The hill in the foreground is a scarp of the San Andreas Fault at the south end of the Cholame Valley as seen from Davis Road. Note: here where the pipeline crosses the fault it has been run across the surface and expansion joints join the pipe segments so the line won't break even if the fault breaks and there is large offset.
Note the fault scarp in the middle foreground trending left to right.
This is the San Andreas Fault as seen from near the top of Davis Road. This section broke in the 1857 Fort Tejon Quake.
Landslide originating from a spring located along the San Andreas Fault Zone (SAFZ).
View northward from the south end of the Cholame Valley as viewed from Davis Road.
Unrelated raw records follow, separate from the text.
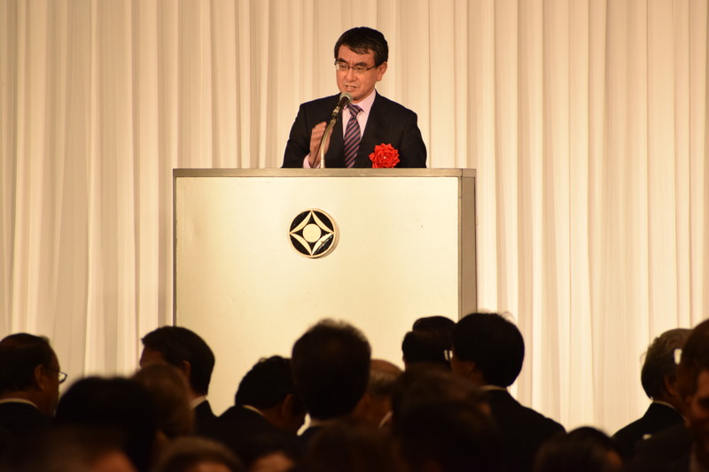 [ さらなる日韓関係発展をめざそうと強調する河野太郎外務大臣 ]
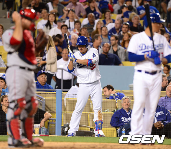 29일 오전(이하 한국시간) 미국 캘리포니아주 로스앤젤레스 다저스타디움에서 열린 LA 다저스와 LA 에인절스의 경기,5회초 무사 1루 다저스 크루즈의 타석때 류현진이 대기타석에서 스윙 연습을 하고 있다
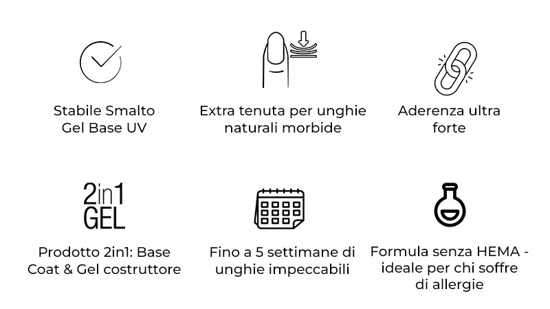 Questo gel è un vero multitalento: unisce i vantaggi di una Base Coat per Smalto Gel con la stabilità di un gel da ricostruzione.
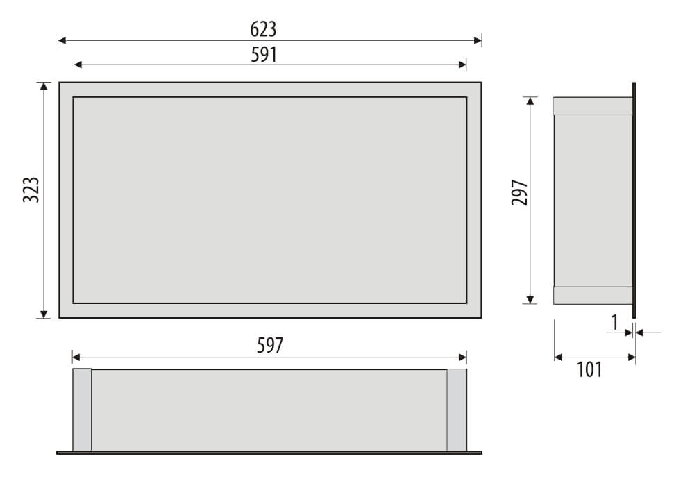 Półka łazienkowa wnękowa do zabudowy 62x32x15 cm ze stali nierdzewnej, lakierowanej na kolor szary, kołnierz typu Flat MCJ F.PWN LGR 600/15

SAFZ trends from left up the image towards the top which is the north end of the Cholame Valley.
David Road headed down into the Cholame Valley and near the intersection of Highways 41 and 46 where actor James Dean died in a collision in 1955.
San Andreas Fault as a green grassy swale as viewed from Cholame Valley Road north of Cholame Valley.
Westward view of the bridge on the west side of Parkfield, CA. Note: it is bent by the creeping of the SAFZ here.
Westward view of bridge railing warped by fault creep.
Westward view of west end of bridge.
Eastward view of bridge on west side of Parkfield, CA.
Eastward view of bridge.
Slightly confusing road sign.
The San Luis Obispo Gem & Mineral Club gathering for a group portrait.
Here we are with a rare image of me (fat guy sitting down).
Iconic water tank sign.
I love this Franciscan field stone chimney.
Words to live by in this place.
The gang dining together in celebration of an awesome adventure.
Quite a bit of remodeling has occurred at the cafe since last I was here and this is the earthquake-themed northeast corner of the new pool table room .
The segment of the cafe visible at left is the add-on to the structure and contains both a pool table room and additional kitchen capacity.
This area has also been remodeled a new play structure for the kids and a stage.
USGS Earthquake Monitoring Station on the grounds of the CAL FIRE station in Parkfield.
Apparently, the Parkfield CAL FIRE station is being relocated.
I can confirm this branch was not snapped off in a major earthquake this day.
The CAL FIRE station's fire danger sign needs updating: MODERATE.
I like a town with a smaller population number than its elevation number.